Onto the structure, the flour. There are two options: all purpose or gluten free. Now, if you’re using all purpose, let’s talk gluten. What is gluten? Gluten is literally the bond of molecules of protein in flour that are bonded together when liquid is added. The more you mix, the more developed the gluten will become. WE DO NOT WANT TO DEVELOP A LOT OF GLUTEN IN COOKIES. I know the all caps is aggressive, but I cringe every time I see people over mixing the flour into the batter. Overdeveloped gluten causes the cookies to be tough and they won’t quite melt in your mouth the way they should. So don’t go crazy mixing in your flour, mix it in gently and slowly just until you see there is no visible raw flour in the batter. This being said on the complete opposite side, if you are using a gluten free flour, you are going to want to mix it for longer to ensure that all of the bonding agents are mixed together well. Still, you will start off mixing slow so you don’t get flour everywhere, then gradually increase your speed to high and mix on high for about 30 seconds. You’re not trying to hurt anything, just simply mix some dough.

Last but not least, let’s talk flavorings. This includes, dried fruits, nuts, chocolate, whatever you can dream up. As far as chocolate goes, I can’t discriminate against any chocolate, but I prefer dark chocolate always. I figure, if I am going to be eating a sugar packed treat, I like the acidic & earthy flavor balance dark chocolate provides. So, I will always suggest a dark chocolate in any cookie. If dark isn’t your thing, semi-sweet, milk, or white chocolate will work fine as well. I prefer anywhere between 70%-80% cacao. Semi-sweet falls around 60%, still considered dark chocolate but not quite as intense.

Dried fruits are awesome in cookies, and I love the texture they add. Whatever you might want to add, just take into account if it will add moisture- you may want to add a minute or two to your baking to ensure the cookie doesn’t stay raw. If you are adding nuts, always lightly toast them beforehand, that way they can finish baking in your cookie, and they’ll add a great crunchy texture.

Chilling the dough before baking. This is a very important step. If you don’t chill your dough, and your butter is already at room temperature and perhaps even a bit warmer from all the mixing, chances are your cookies will melt instead of rise, and you’ll have a pancake cookie. So, although this step kinda stinks, (we all want our cookies quickly) it’ll be worth your waiting.

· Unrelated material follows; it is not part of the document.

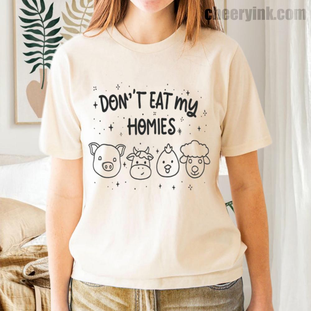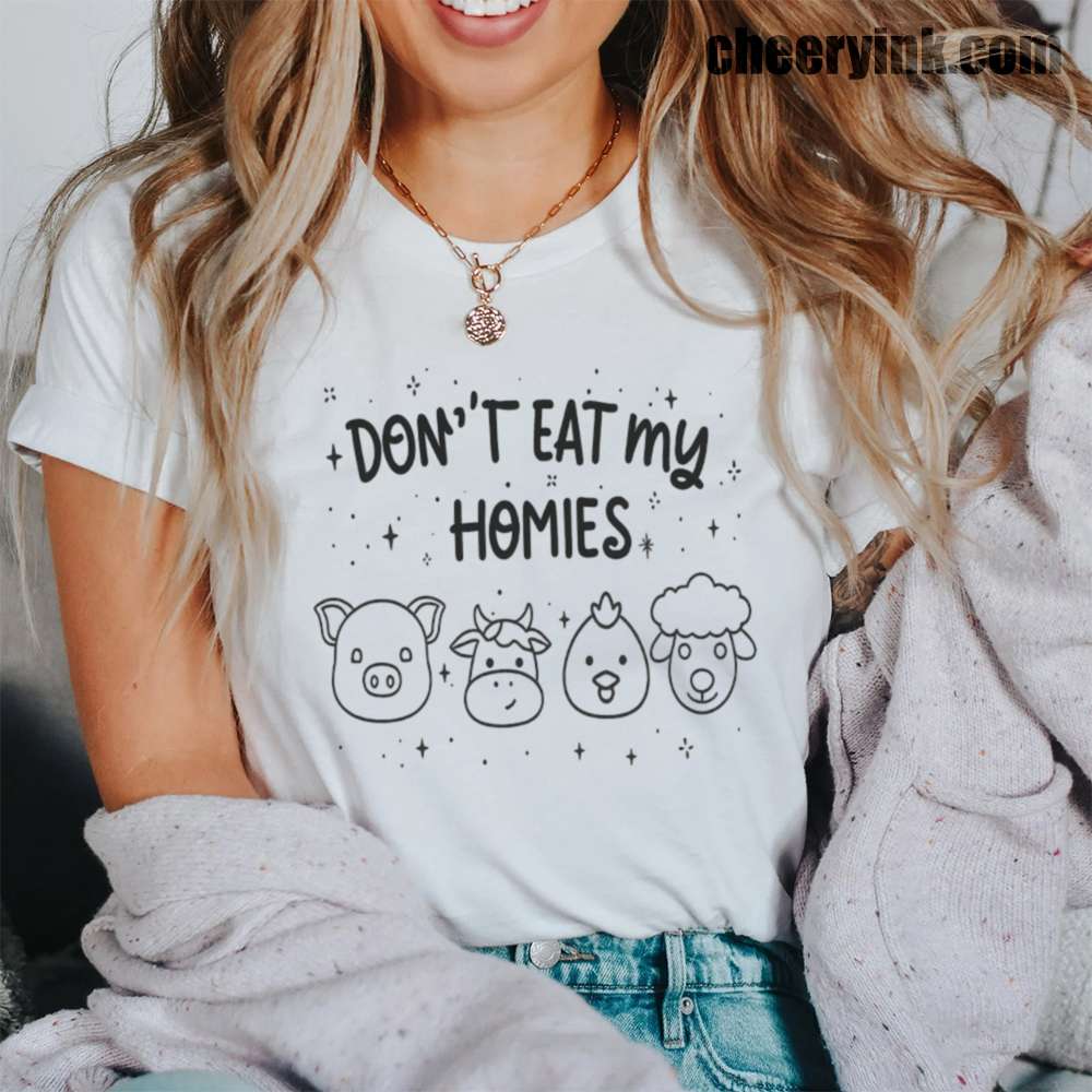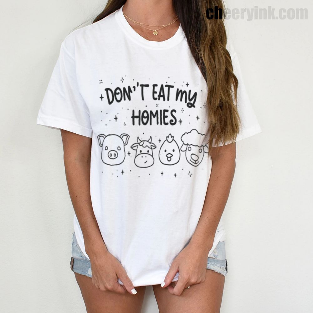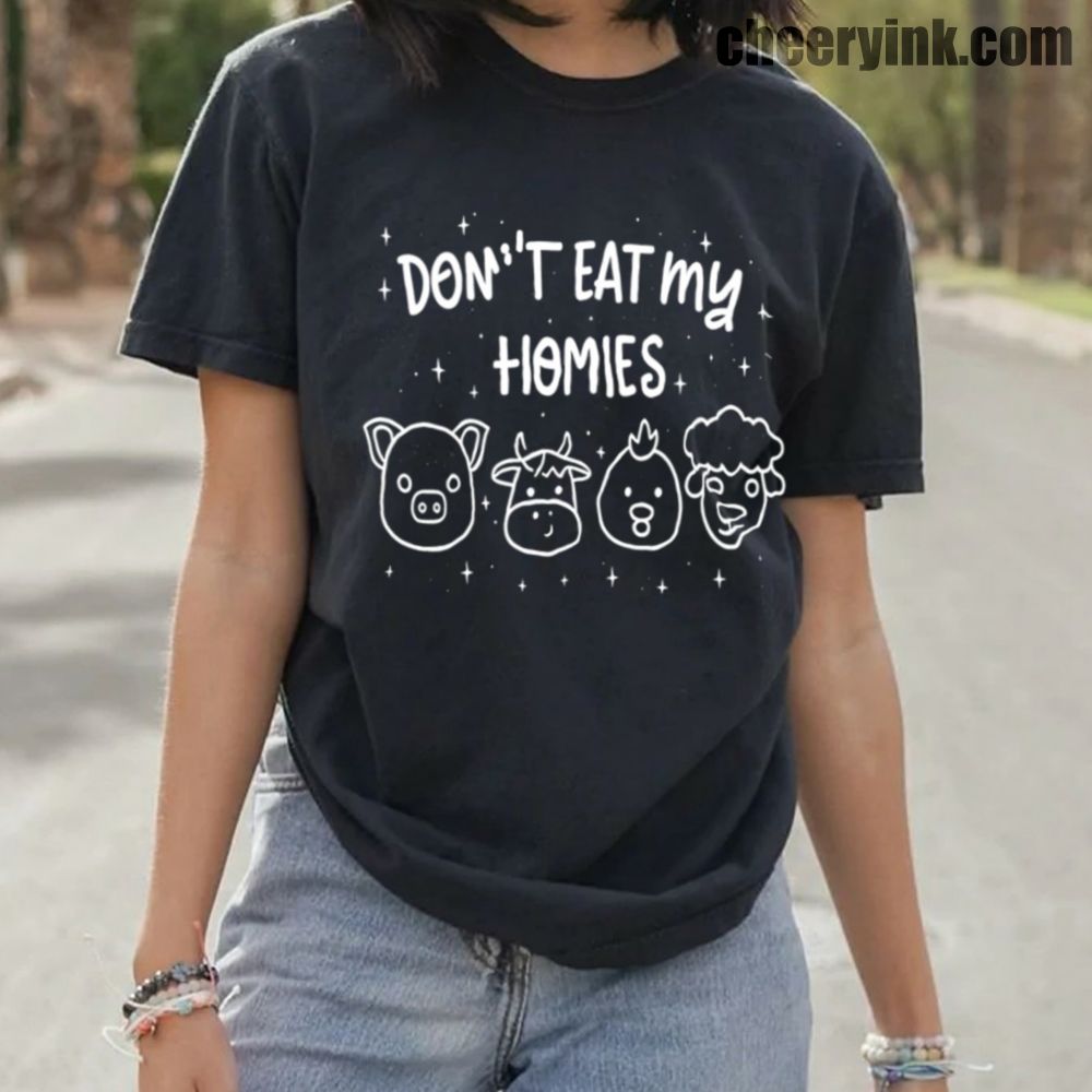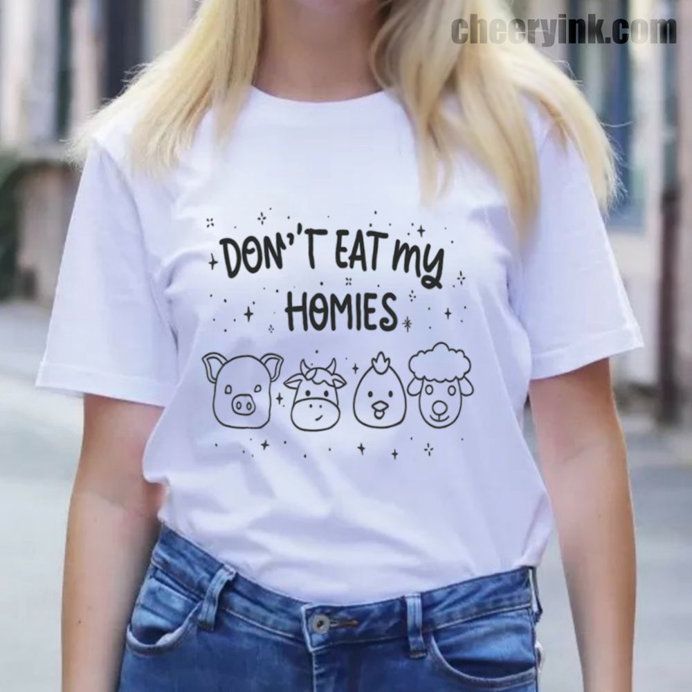 Make a statement that’s both bold and adorable with our Don’t Eat My Homies T-Shirt. Featuring cute cartoon illustrations of a pig, cow, chicken, and sheep, this shirt carries a heartfelt vegan message for anyone who believes in kindness toward animals. It’s more than a tee it’s a message of compassion wrapped in style.

Lastly, get creative! These are ultimately your treats, have some fun with it! And please, don’t be intimidated by baking. I always highly suggest putting on some of your favorite tunes with your favorite beverage and letting the creativity flow. I hope this was helpful for you guys! Let me know some things you would like to learn about. Thanks for reading. Cheers!

5 thoughts on “Basics of Baking: Cookies

  1. Just finished making the chocolate chip cookies… delicious!! Added a pinch of pink salt to a few of them. Cookies came out perfect! They didn’t flatten like pancakes. Hence the chilling of the dough…thanks for the tips…keep them coming!!!